### Prompt
Retype word for word the stretch of entries below from the line that has "ボーカーのクボタンとしても使" through the line that has "2、进入功能后,您可以从手机中选择单个或多个视频文件进行批量导入与处理。", and omit the pictures.

□ □ □ □ □

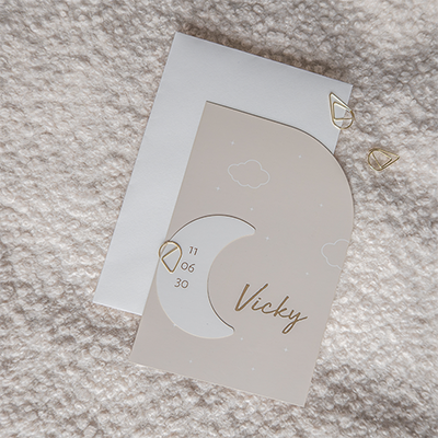 Ben je ook helemaal in de wolken van dit beige geboortekaartje met sterretjes? Het geboortekaartje is ook nog eens luxe afgewerkt met een label in de vorm van een maan en goudfolie. Het label bevestig je eenvoudig met een paperclip aan het geboortekaartje. De paperclip mag je zelf los erbij bestellen. Het geboortekaartje is 11,5x17 cm en het label is 6x8 cm. Het lijntje in het ontwerp is om aan te geven tot waar je de naam kunt laten lopen. Anders verdwijnt deze achter het maan label. Het lijntje wordt niet gedrukt.
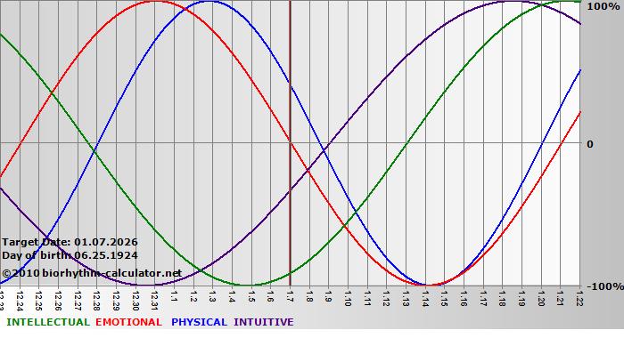 Your biorhythm above the horizontal line indicates that your capacity in that area is enhanced; you feel stronger, more alert, more connected, more empathetic. These are times when you are able to do more, be more, enjoy more. When the biorhythm lines are below 0%, your capacity is diminished, and conservative behavior is recommended.
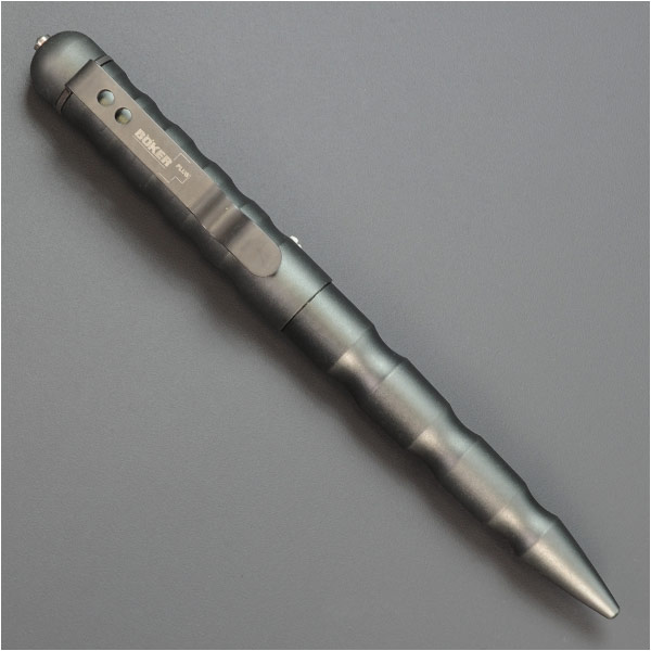 ボーカーのクボタンとしても使用できるアルミニウム製タクティカルペン。ペンキャップはねじ込み式になっているためキャップを無くしてしまう事も少なく、ポケットクリップが付いているので、持ち運びに便利。
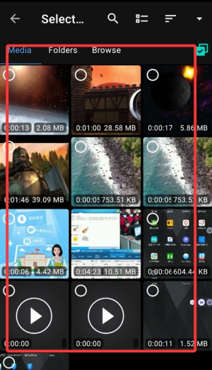 2、进入功能后,您可以从手机中选择单个或多个视频文件进行批量导入与处理。
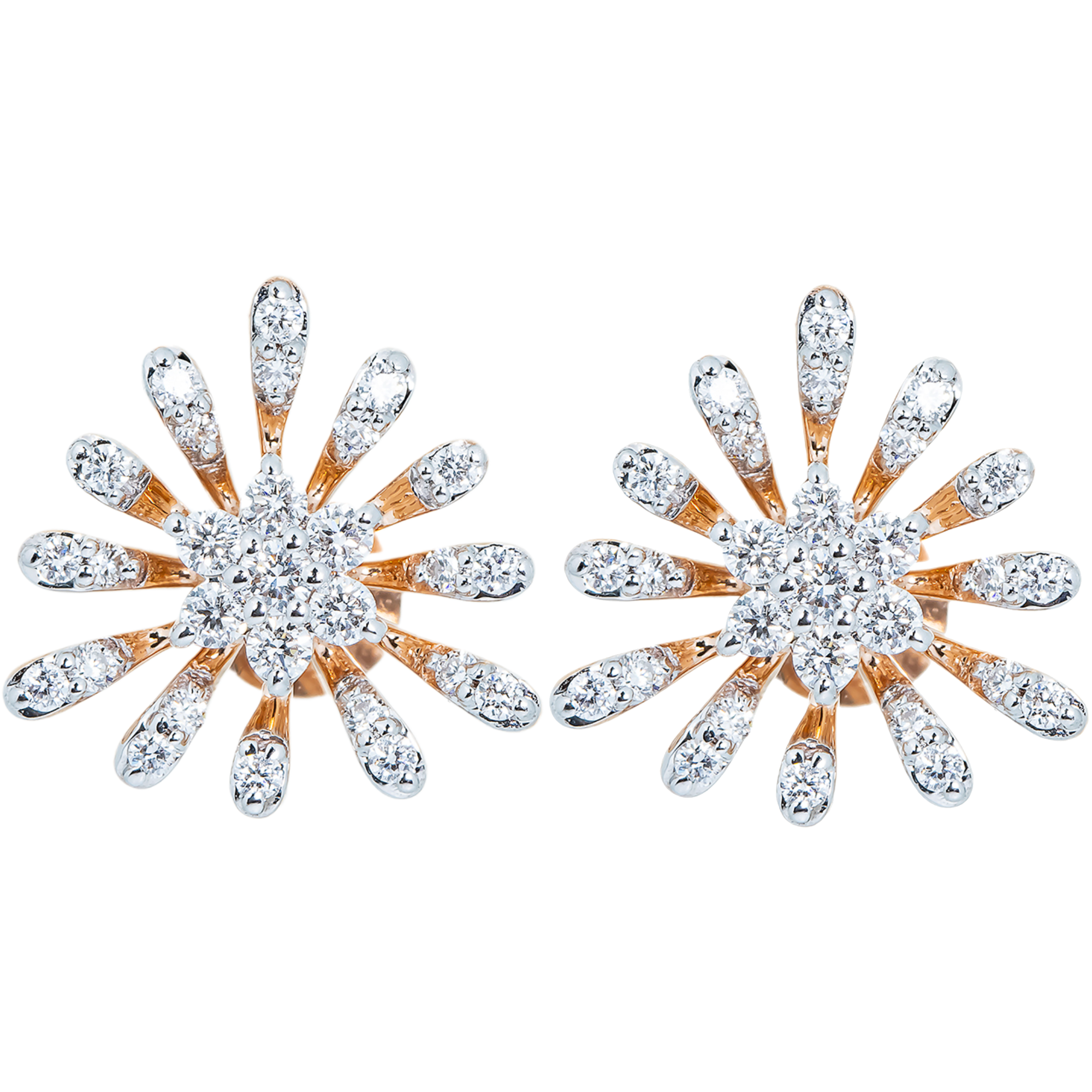 | A celebration of artistry, these 18k rose gold and diamond stud earrings from Virani feature intricate detailing and brilliant diamonds. Their elegant design balances tradition with modern grace, creating a luminous statement of style and craftsmanship in diamond jewelry. Features • 18k rose gold • Diamond Specifications • Minimum Width - 1.5 millimeters • Maximum Width - 12 millimeters • Length - 0.5 inch • Weight - 3.19 grams Diamond Specifications • Carats - 0.47 • Clarity - VVS • Color - E-F • Cut - Round Brilliant |
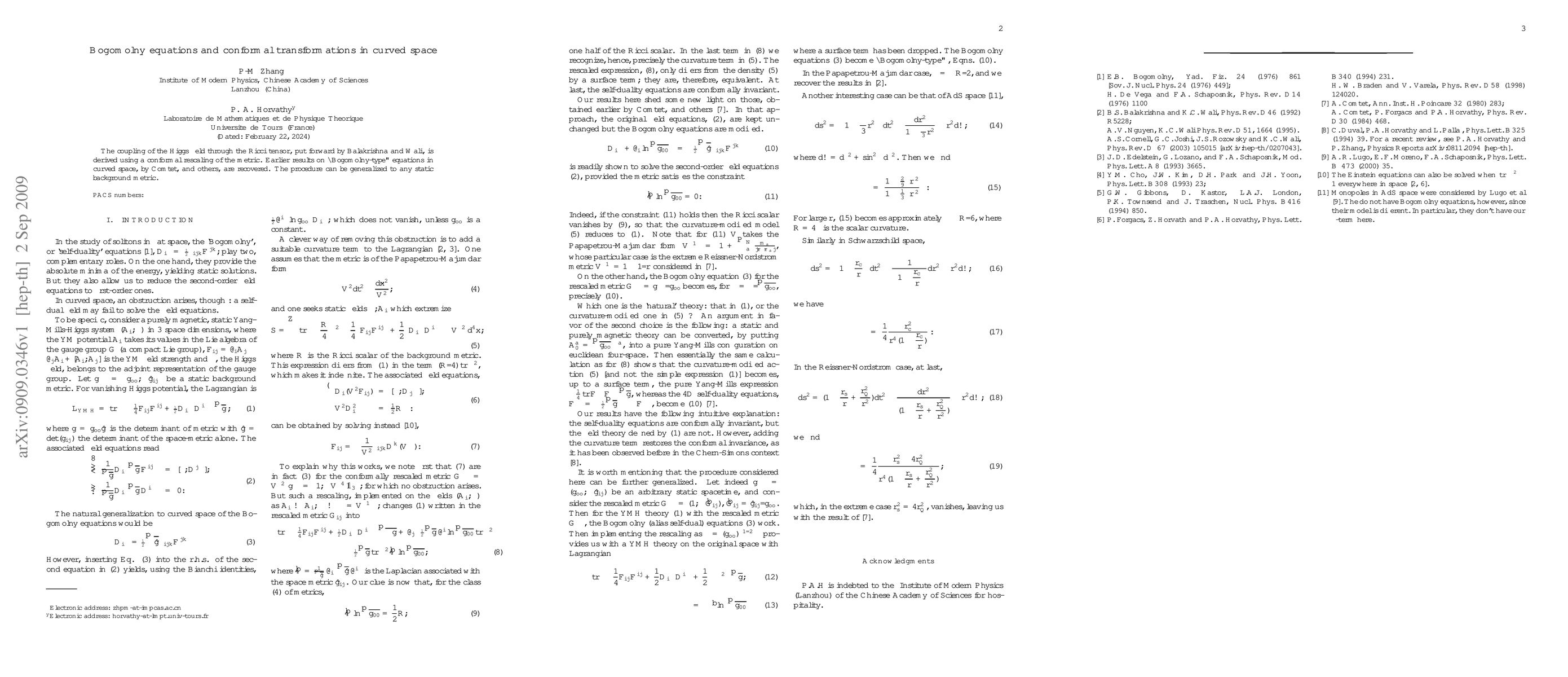 The coupling of the Higgs field through the Ricci tensor, put forward by Balakrishna and Wali, is derived using a conformal rescaling of the metric. Earlier results on "Bogomolny-type" equations in curved space, by Comtet, and others, are recovered. The procedure can be generalized to any static background metric.
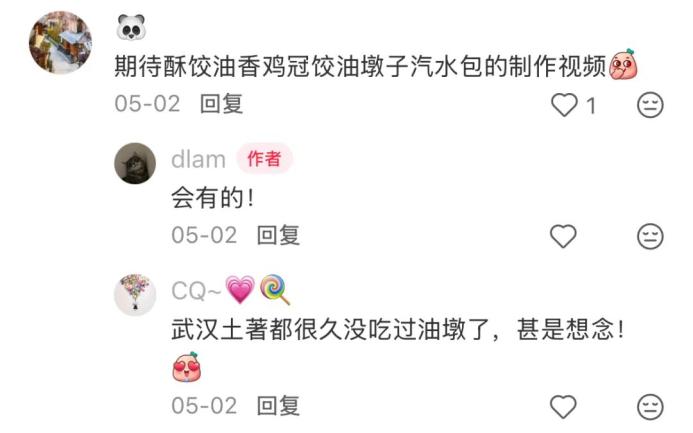 她的評(píng)論區(qū)成為各國(guó)武漢留子最靈驗(yàn)的許愿池,有網(wǎng)友留言想吃汽水包,dlam沒過幾天就發(fā)出了教程。

□ □ □ □ □

### Answer below
 ボーカーのクボタンとしても使用できるアルミニウム製タクティカルペン。ペンキャップはねじ込み式になっているためキャップを無くしてしまう事も少なく、ポケットクリップが付いているので、持ち運びに便利。
 2、进入功能后,您可以从手机中选择单个或多个视频文件进行批量导入与处理。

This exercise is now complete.